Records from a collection

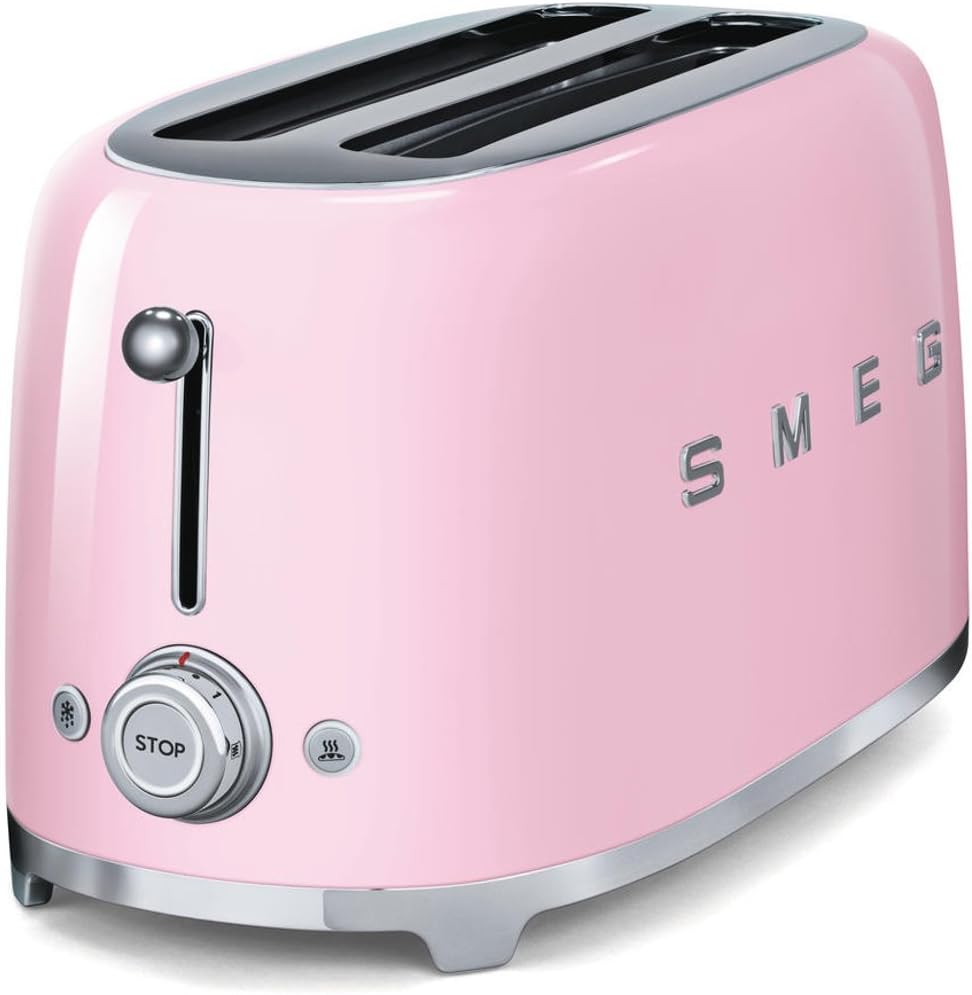Retro in style but truly modern in features, the pink Smeg toaster features a powder coated steel body, stainless steel ball lever knob and a backlit chrome knob.
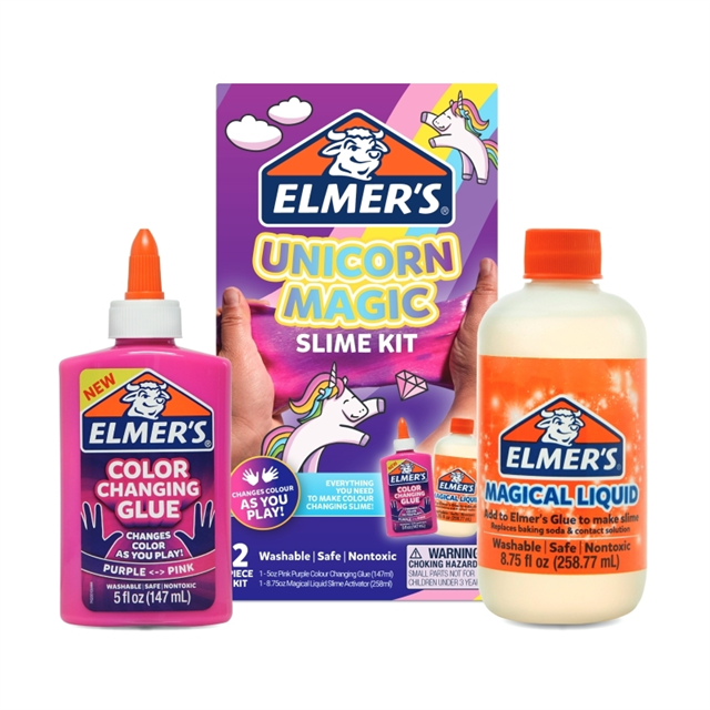 Elmers Unicorn Magic Slime Kit Bx4 contains everything you need to make colour-changing slime! Kit includes: 1 bottle of Elmer's Magical Liquid Slime Activator (258ml) 1 bottle of Pink Purple Colour Changing Glue (147 ml)
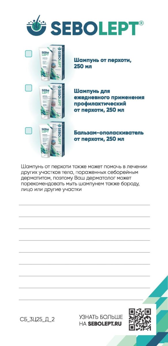 4.Напомнить врачу, что Себолепт линейка включает средства для лечения и профилактики перхоти и зуда: шампунь от перхоти — для лечения, шампунь ежедневный и бальзам ополаскиватель для профилактики перхоти и зуда.
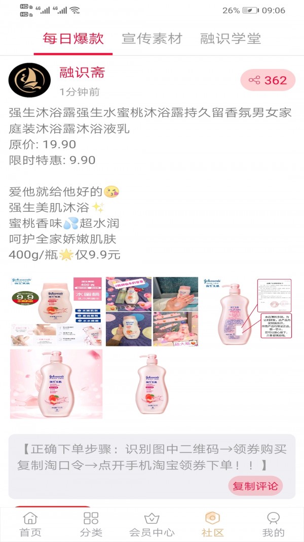 融识斋软件主要用于分享主流电商平台商品,加入CPS联盟,分享高佣热销商品给用户。
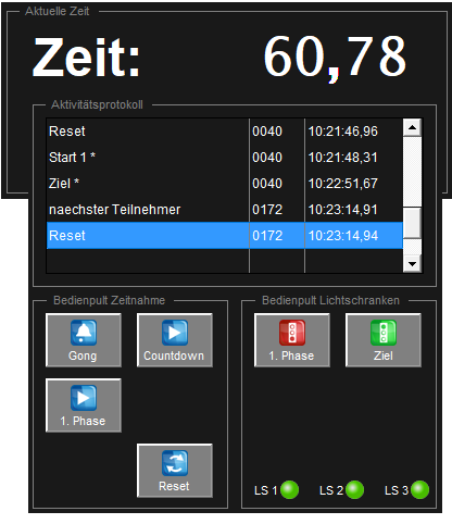 Über das Bedienpult Lichtschranken können alle Lichtschranken freigeschaltet werden. Zusätzlich können Sie im integrierten Aktivitätsprotokoll jeden Lichtschrankenimpuls nachverfolgen und aktivieren. Auch ein manuelles Starten und Stoppen der Zeit ist über das Bedienpult Zeitnahme möglich.
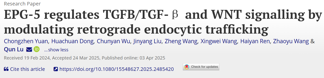2025年4月3日,WilliamHill官方网站生科院生命科学中心路群课题组在Autophagy杂志发表题为“EPG-5 regulates TGFB/TGF-β and WNT signaling by modulating retrograde endocytic trafficking”的文章。该研究发现,EPG-5通过作用于反向内吞运输调控TGFB/TGF-β和WNT两大信号通路,揭示自噬基因epg-5在膜运输中的非经典功能,为理解Vici综合征、ALS等疾病的发病机制提供了新靶点。
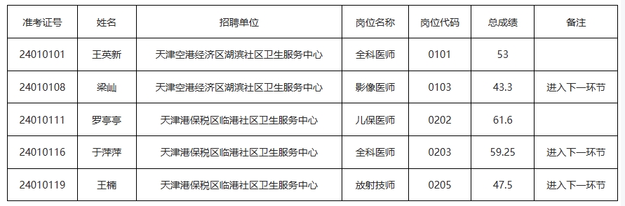天津港保税区2024年度社区卫生服务中心派遣制工作人员补充招聘总成绩公示
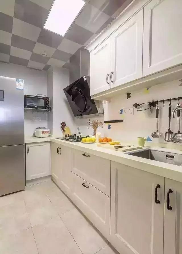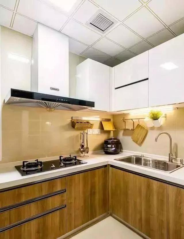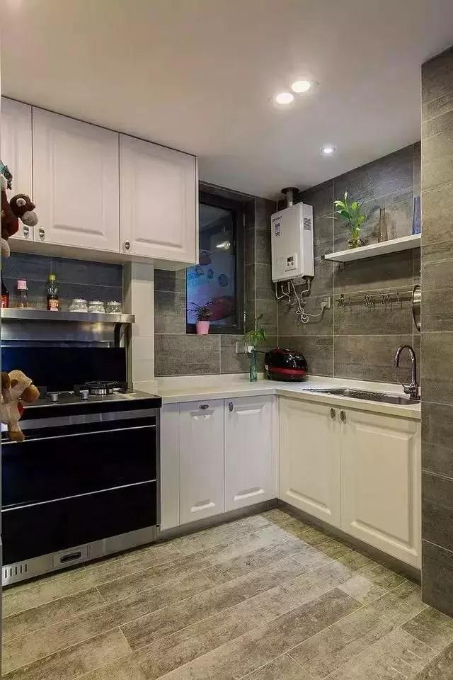 一般商品房常见的厨房大小,厨房的采光并不是很好,用了亮面的柜门,上班族一般晚上回家做饭,吊柜下方安装照明灯更方便。
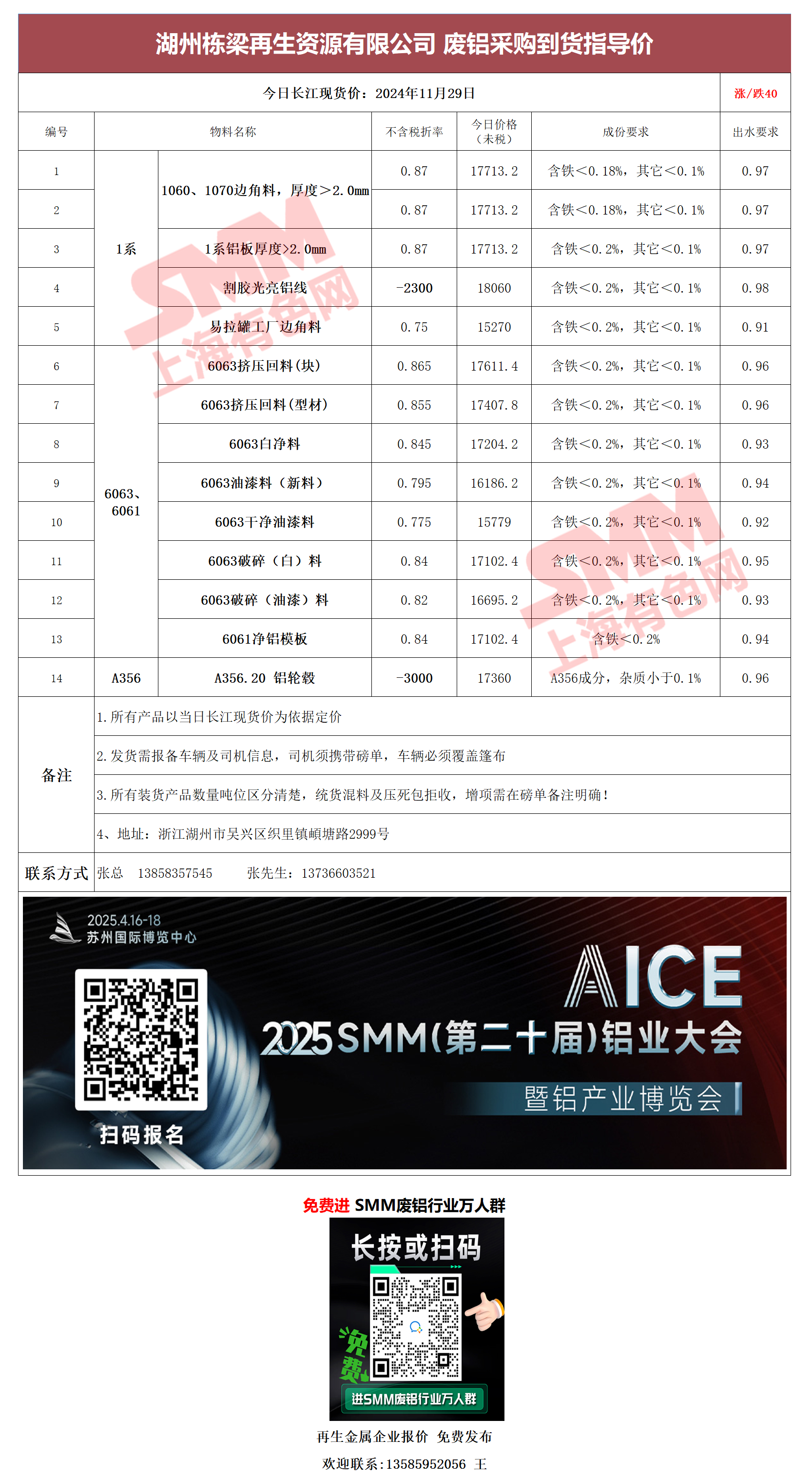 11月29日湖州栋梁再生 废铝采购报价
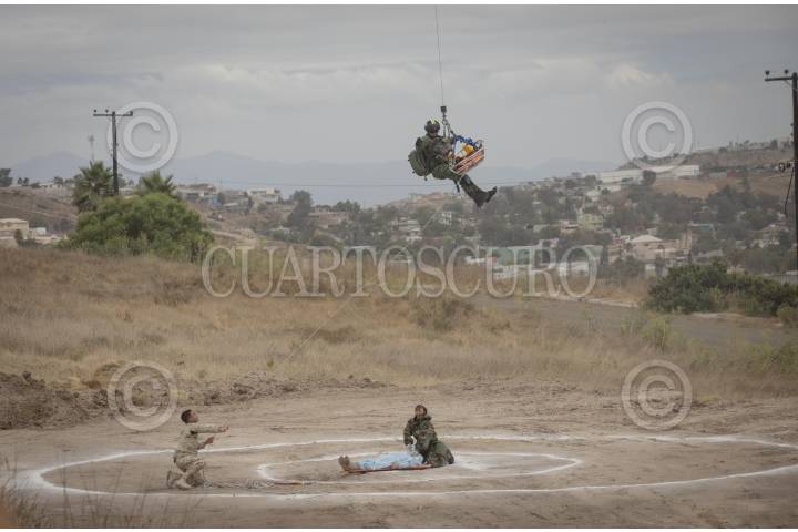 Elementos del Ejército Mexicano, realizando simulación de atención medica a lesionados.
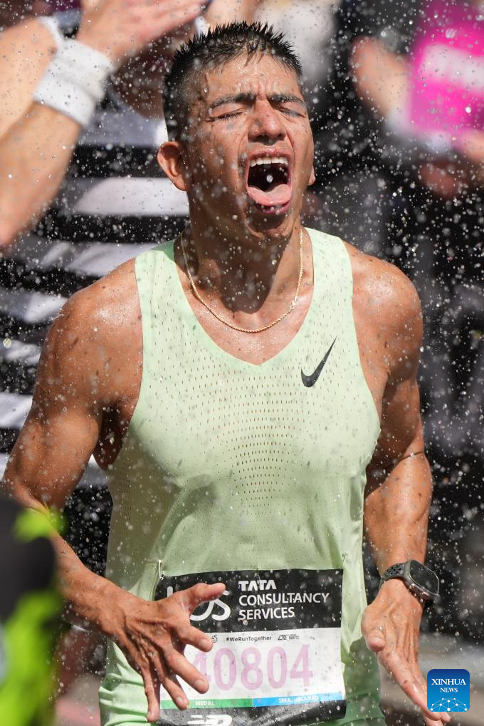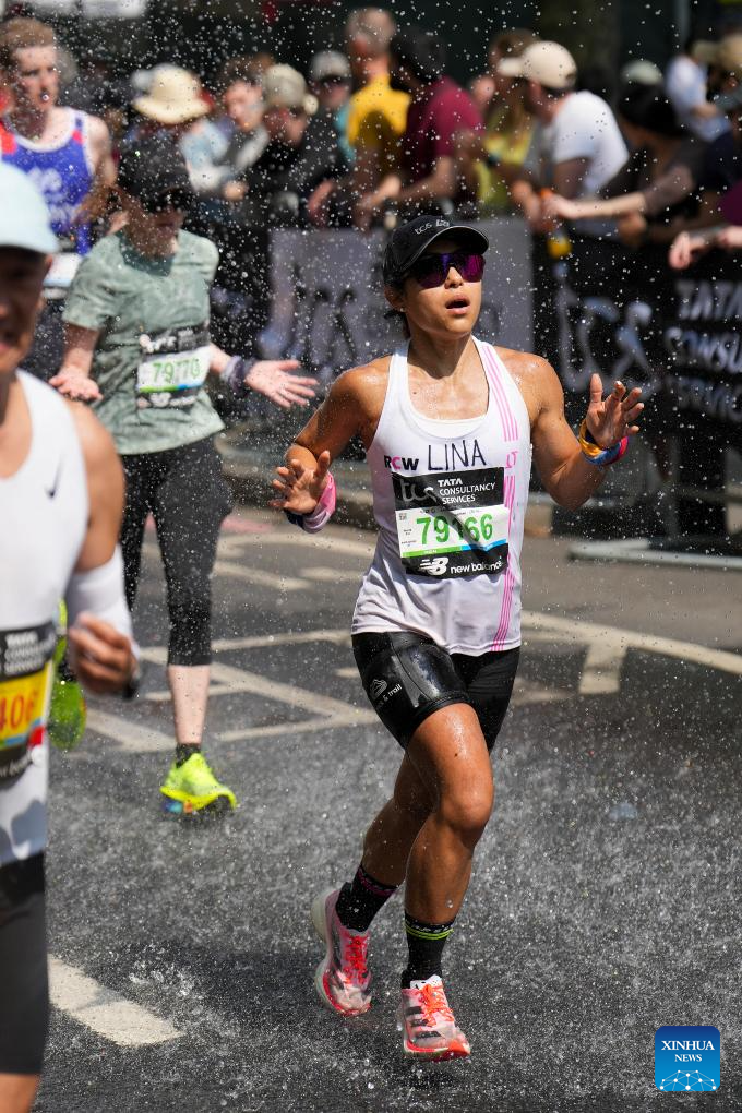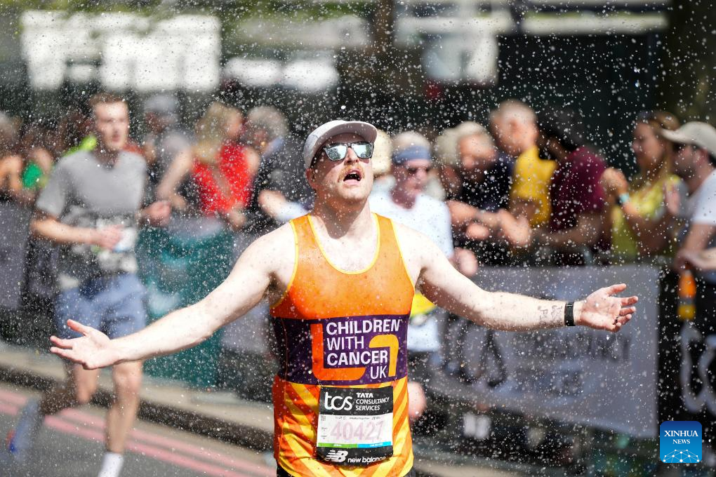 An athlete runs at the 2025 London Marathon in London, Britain, April 27, 2025. (Xinhua/Wu Lu)
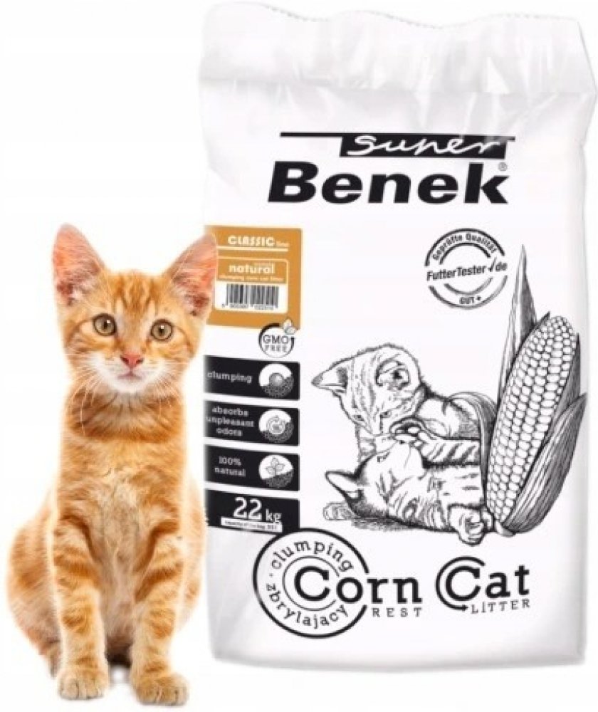 Podestýlka pro kočky Super Benek – KUKURYDNÍ, ZBRYLOVACÍ. Ideální substrát pro dospělé kočky a koťata, stejně jako pro králíky, hlodavce a ptáky.
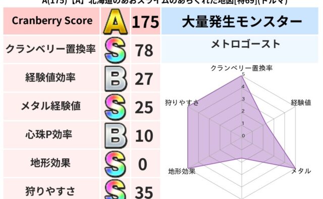 クランベリーボット判定結果の詳細クランベリースコア126クランベリー置換率76%大量発生モンスタークリスタルハンド超耐性デイン(83%)系統狩りゾンビ系46%こころ道 完全一致モンスターシャドーニンジャ(波道Lv30)ストーンマンゴッドハン...
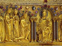 I lavori al sontuoso reliquiario si prolungarono lungo un arco di tempo piuttosto dilatato, dagli anni ottanta del XII e i primi vent'anni del XIII secolo. Questo gioiello artistico, costituito da un nucleo in legno di quercia, è realizzato in oro e argento, gemme e cammei, pietre preziose. Il programma di immagini ripercorre la storia della salvezza dall'inizio del tempo fino al giorno del giudizio. Oggi sorge dietro l'altare medievale, formando il centro della cattedrale gotica, costruito a sua volta come un "reliquiario" di pietra.

> [Task prompt]: From the line with "天津港保税区2024年度社区卫生服务中心派遣制工作人员补充招聘总成绩公示" down to the final line of the entries above, repeat each line exactly; omit the pictures.

> [Written reply]:
天津港保税区2024年度社区卫生服务中心派遣制工作人员补充招聘总成绩公示
 一般商品房常见的厨房大小,厨房的采光并不是很好,用了亮面的柜门,上班族一般晚上回家做饭,吊柜下方安装照明灯更方便。
 11月29日湖州栋梁再生 废铝采购报价
 Elementos del Ejército Mexicano, realizando simulación de atención medica a lesionados.
 An athlete runs at the 2025 London Marathon in London, Britain, April 27, 2025. (Xinhua/Wu Lu)
 Podestýlka pro kočky Super Benek – KUKURYDNÍ, ZBRYLOVACÍ. Ideální substrát pro dospělé kočky a koťata, stejně jako pro králíky, hlodavce a ptáky.
 クランベリーボット判定結果の詳細クランベリースコア126クランベリー置換率76%大量発生モンスタークリスタルハンド超耐性デイン(83%)系統狩りゾンビ系46%こころ道 完全一致モンスターシャドーニンジャ(波道Lv30)ストーンマンゴッドハン...
 I lavori al sontuoso reliquiario si prolungarono lungo un arco di tempo piuttosto dilatato, dagli anni ottanta del XII e i primi vent'anni del XIII secolo. Questo gioiello artistico, costituito da un nucleo in legno di quercia, è realizzato in oro e argento, gemme e cammei, pietre preziose. Il programma di immagini ripercorre la storia della salvezza dall'inizio del tempo fino al giorno del giudizio. Oggi sorge dietro l'altare medievale, formando il centro della cattedrale gotica, costruito a sua volta come un "reliquiario" di pietra.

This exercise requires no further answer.